Role of HR During a Recession Period
Human resource management is responsible for seeing that employees of an organization are utilized in the most efficient and economical way possible. During recessionary times, when budgets are tight, this vital human resources role becomes even more important to keep a company on fiscal track. Human resources must pair the staffing needs of the business with the necessity of maintaining lean overhead and operating costs.
Businesses may continue to hire new staffers during recessionary times. However, it is important that human resources recruits, screens and hires individuals who are highly qualified in their field and can bring a significant amount of potential to the business. Human resources is charged with interviewing candidates to ensure each new hire is qualified for the position and is not likely to leave any time soon. Fast turnover in employee ranks is costly to a small business that then has to reinvest in recruitment and rehiring. Human resources must also select employees who can quickly come up to speed to ensure a short learning curve. New employees who take a significant amount of time to become acclimated to the work environment have the potential to slow productivity and decrease earnings.
Layoffs and downsizing are often an inevitable part of business operations during recessionary times. Human resources managers must evaluate current staffers and their responsibilities and make decisions about which positions are expendable and combinable. This can mean reallocating staff members and financial resources to areas of the company that are indispensible to operations. As part of this process, human resources managers may have to determine severance packages, and in some cases, assist terminated employees with job placement assistance and unemployment filing.

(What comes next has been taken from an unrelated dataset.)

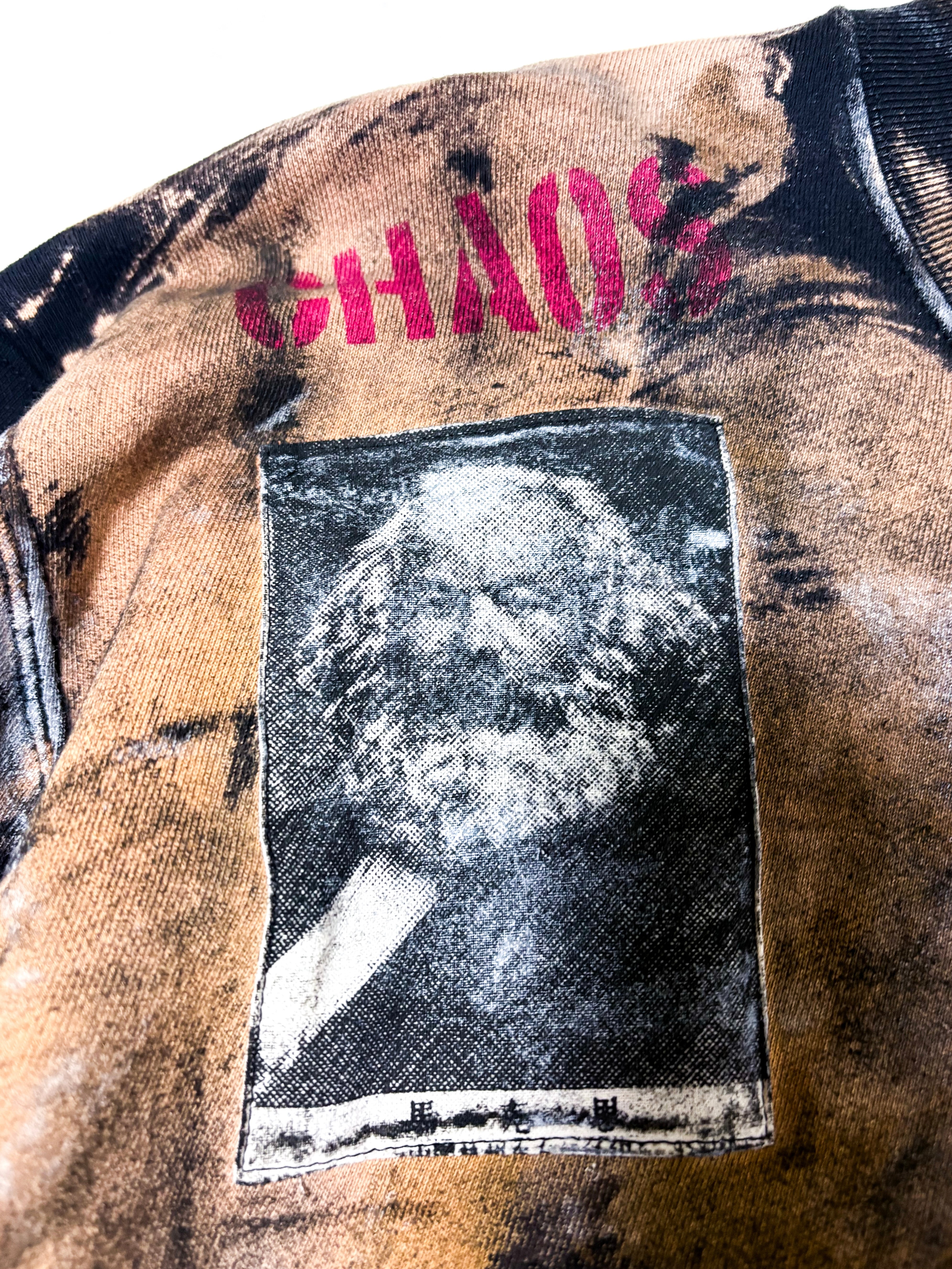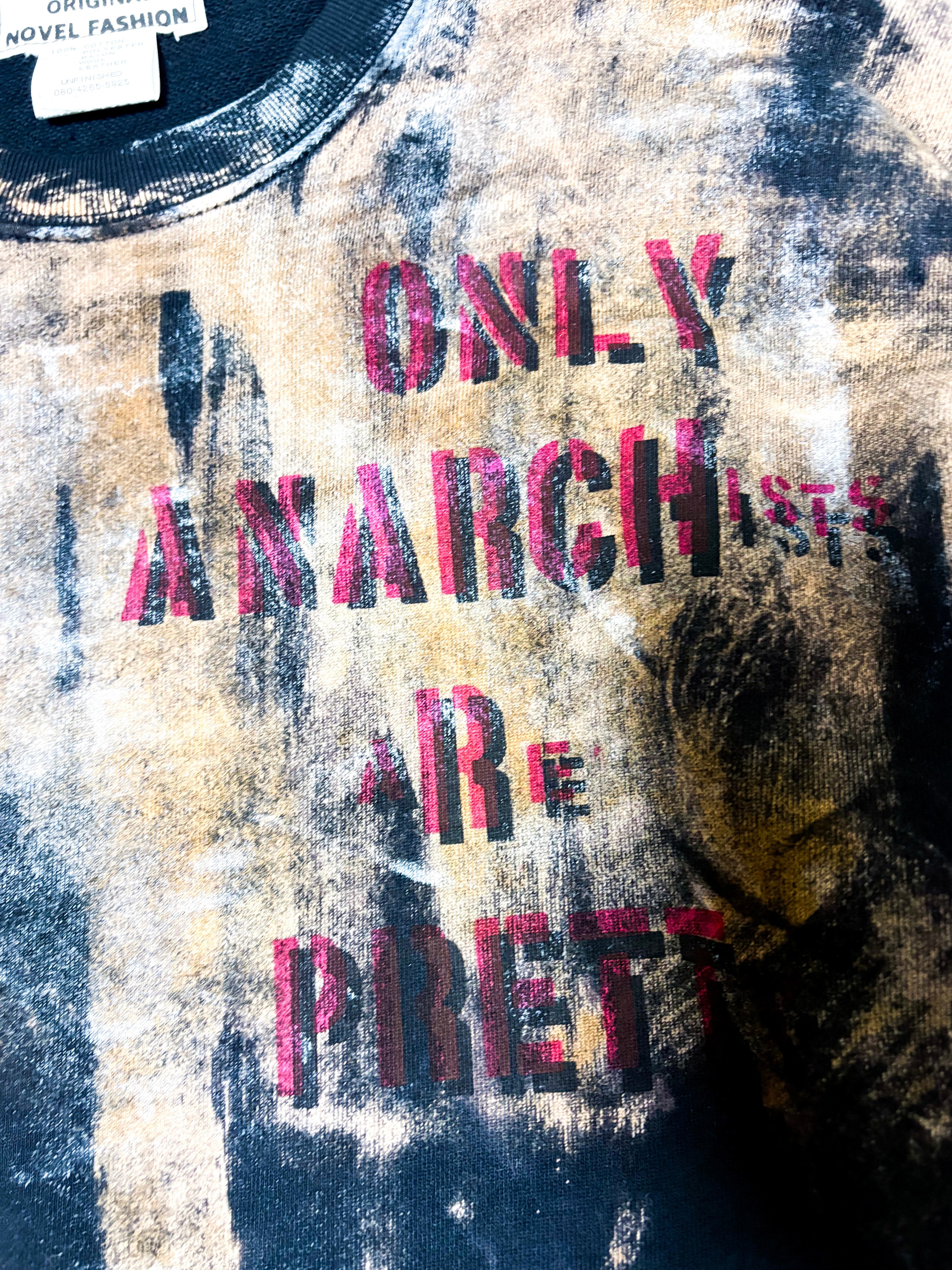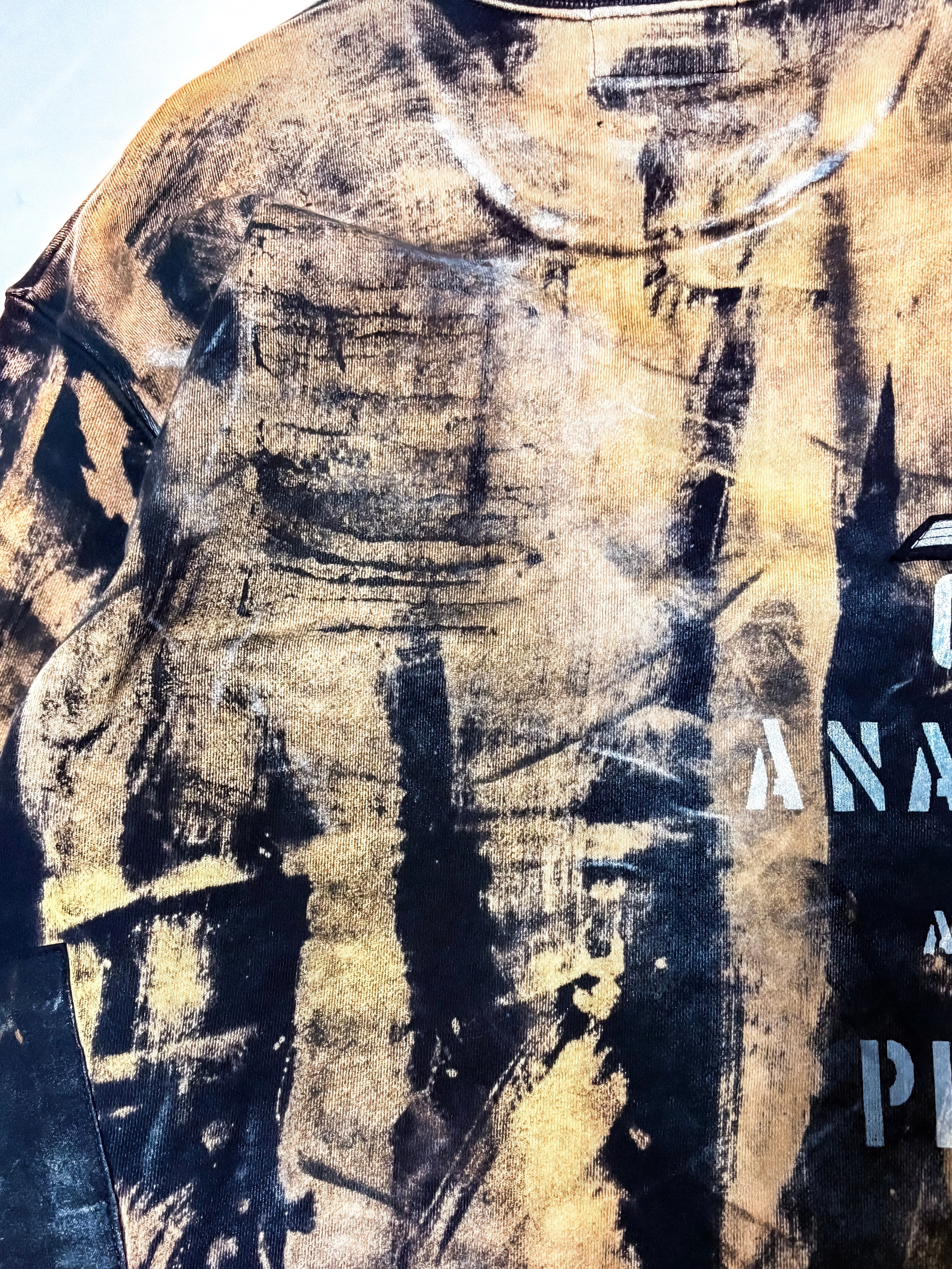 UNFINISHEDアナーキートレーナー26014 アナーキーシャツを彷彿とさせるブリーチやパッチ類が目を引くトレーナー。 ランダムなブリーチ加工にアナーキーシャツのようなストライプを所々に採用しています。 【サイズ】 肩幅54㎝ 着丈72㎝ 身幅60㎝ 袖丈60㎝ 袖口18㎝ 【送料】 購入金額に関わらず送料無料。

Human resources is often involved in conducting employee evaluations. During a recessionary period, it is vital to ensure all employees are performing at optimum levels. An evaluation process usually involves salary adjustments and raises based on performance. This is something that must be carefully taken under advisement based on the company’s available budget. Human resources may need to discuss a freeze on raises as well as potentially renegotiate the terms of some employee contracts to ensure the business remains financially viable.
Human resources managers should be involved in short and long-term strategic planning when it comes to payroll expenditures, particularly as it relates to looking for ways to decrease overhead operating expenses. Some strategies can include reducing full-time positions to part-time positions to save on health care and other benefits; moving some positions from salary or hourly payroll jobs to independent consultant or freelance contracting positions; and introducing job sharing or work-from-home telecommuting positions, which can reduce some overhead and operating expenses.